= Alina Simone =

American musician and writer

Alina Simone (born Alina Vilenkin) is an American musician and writer. She is best known for her original songwriting, her album of cover songs by Russian punk poet Yanka Dyagileva, and her collection of autobiographical essays You Must Go And Win. She also blogs for The New York Times.

==Early life==
Simone was born in Kharkiv, then part of the Soviet Union, now Ukraine. She came to the United States at a young age as the daughter of political refugees (her father, theoretical physicist Alexander Vilenkin was blacklisted for 'refusal to cooperate' after resisting recruitment into the KGB). She was raised in Massachusetts where she attended art school, focusing on photography.

==Career==
After graduating, she moved to Austin, Texas where she began busking in doorways, performing her own songs. Her debut ep, Prettier in the Dark, was released in 2005, followed by an LP, Placelessness in 2007. Simone relocated to Brooklyn, and in 2008 released Everyone is Crying Out to Me, Beware, a collection of songs by the late Russian singer-songwriter, Yanka Dyagileva. This was followed by the dual 2011 releases of another collection of Simone's own songs, Make Your Own Danger, and her first book, You Must Go and Win. She is also the author of the novel Note to Self to be released in June 2013. In March 2016 she released the book Madonnaland, an essay piece about American singer Madonna and Simone's own analysis of music and pop culture.

===Critical response===
Simone's recordings reached a new level of prominence with Everyone is Crying Out to Me, Beware. Most response was positive. Spin magazine called it "a strange, hypnotic celebration of a defiant soul. (7/10)".

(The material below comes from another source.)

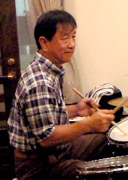 さてさて、今回のメンバーは、中川さん(Tp)・後藤さん(Cl)・中島さん(Tb)・深澤さん(Pf)・田野さん(B)・T具知さん(Bj)の面々。(角度的に、どうしても深澤さんが写らなくて・・・ごめんなさいm(__)m) お天気はイマイチでしたが、夏らしくとっても暑くなったこの日、さらに熱いデキシーランドジャズで盛り上がりました。夏らしく、素敵な浴衣姿のお客様もいたりして良い雰囲気(^^)。 中川さんは、いつも通りの飄々としたMCの中にも、ニューオリンズで演奏した時のお話などしてくれました。客席とのコミュニケーションも和やかに、浩ちゃんのドラムソロを始めメンバー各自のフィーチャーを織り交ぜつつ、とっても楽しいライブでした。 途中、やはり薗田さんのお話なども挟みつつ、ラストはニューオリンズ風の葬送。神の御許に、鳥のように自由に、そして聖者の行進。いろんな取り合わせがあるものなのですね。 USAGIは今回はお手伝い(^^;。受付したり、飲み物を用意したり、テーブルを片付けたり・・・座ってゆっくり聞けたのは数曲でしたが、今夜も楽しいひと時でした。

You Must Go And Win, Simone's first book, was likewise well received, with Kirkus Reviews calling it "vibrant, taut and humorous" and Publishers Weekly saying "Simone ably juggles the philosophical and the comical, her genuine enthusiasm for arcane subject matter as contagious as the fleas in her long ago apartment."

==Discography==
- Prettier in the Dark (Fractured Discs, 2005)
- Placelessness (54º40' Or Fight!, 2007)
- Everyone Is Crying Out to Me, Beware (54º40' Or Fight!, 2008)
- Alina Simone / The Black Swans – Snowfall & Starlight / Country Cookie No. 3 (7", Ltd) (Sunken Treasure Records, 2009)
- Raw Demos (2002–2008) (Self-Released, 2011)
- Make Your Own Danger (Pentar Records, 2011)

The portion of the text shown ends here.